Книга: Всадники
На главную: Предисловие
Дальше: ДЕТСТВО

ЯНОВСКИЙ Юрий
Всадники

ДВОЙНОЕ КОЛЬЦО

Лютовали шашки, и кони носились без седоков, и Половцы не узнавали друг друга, а с неба палило солнце, и гиканье бойцов напоминало ярмарочный гул, и пыль вставала, как над стадом; но вот все рассеялись по степи, и Оверко победил. Черный шлык бился у него по плечам. “Рубай, братва, белую кость!”
Пыль оседала. Кто из отряда Андрия сбежал. Кто простирал руки, и ему рубили руки, подымал к небу покрытое пылью и потом лицо, и ему рубили шашкой лицо, валился на землю и грыз землю, захлебываясь в предсмертной тоске, и его рубили по чему попало и топтали конем.

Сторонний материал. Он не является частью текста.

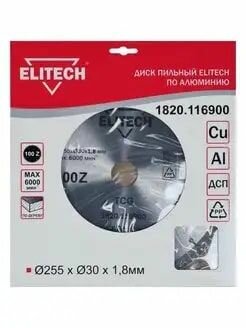 Купить Диск пильный Elitech 1820.116900 255 ммx30 мм 100зуб

Отряды сшиблись в открытой степи под Компаниевкой. И лазоревыми башнями стояло вокруг небо. Был август тысяча девятьсот девятнадцатого года. Отрядом Добровольческой армии генерала Антона Деникина командовал Половец Андрий. Ватагу конных казаков “головного” атамана Симона Петлюры вел Половец Оверко. Степные пираты сцепились бортами, и кружил их удушливый степной шторм. Стоял август неслыханного тембра.

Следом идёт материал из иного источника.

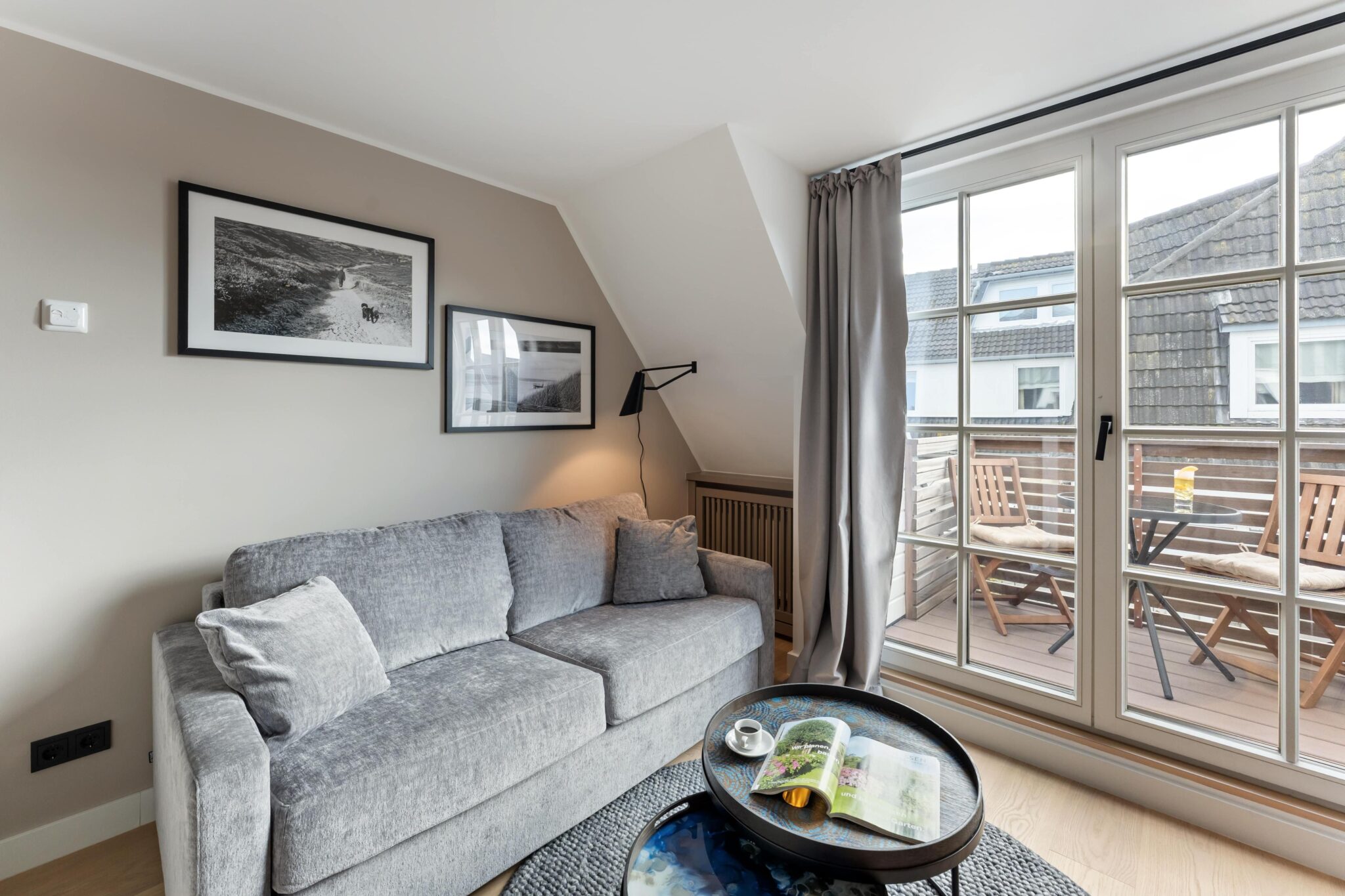 Diese charmante Ferienwohnung auf zwei Ebenen ist der ideale Rückzugsort für Paare oder Alleinreisende, die Sylt in vollen Zügen genießen möchten. Mit stilvollem, urbanem Design und durchdachter Ausstattung bietet sie auf ca. 55 qm alles, was das Urlaubsherz begehrt – inklusive Balkon mit seitlichem Meerblick und fußläufiger Nähe zum Strand.

“Сюда веди!” И подводили статных степняков, и летели с них головы, точно арбузы (а под ногами — баштан, и лошади останавливались около арбузов), кто очумело кричал надрывным, неслышным, как во сне, голосом, кто валился, как подрубленный вяз, начисто сдирая кору и роняя листья. “Ищи, куме, броду!”
Взвизгивали клинки, хрустели кости, и вот к Оверку подвели Андрия.
— Ахвицер? Тю-тю! Да это ты, брат!
Андрий поднял голову и заложил раненую руку за френч, окровенив одежду.
— Да, Мазепа проклятый, я!
— Ну, что? Помогли тебе твои генералы?
И без того высокий Андрий казался еще выше, Оверко играл черным шлыком, словно девушка косой; братья были рослые, широкоплечие, сероглазые, с хищными, точно клювы, носами.
— А жить тебе хочется? — спросил Оверко. — У нашей Дофиновки море играет, старик отец Мусий Половец в бинокль поглядывает, не пошла ли скумбрия, помнишь, ты и бинокль с турецкого фронта привез?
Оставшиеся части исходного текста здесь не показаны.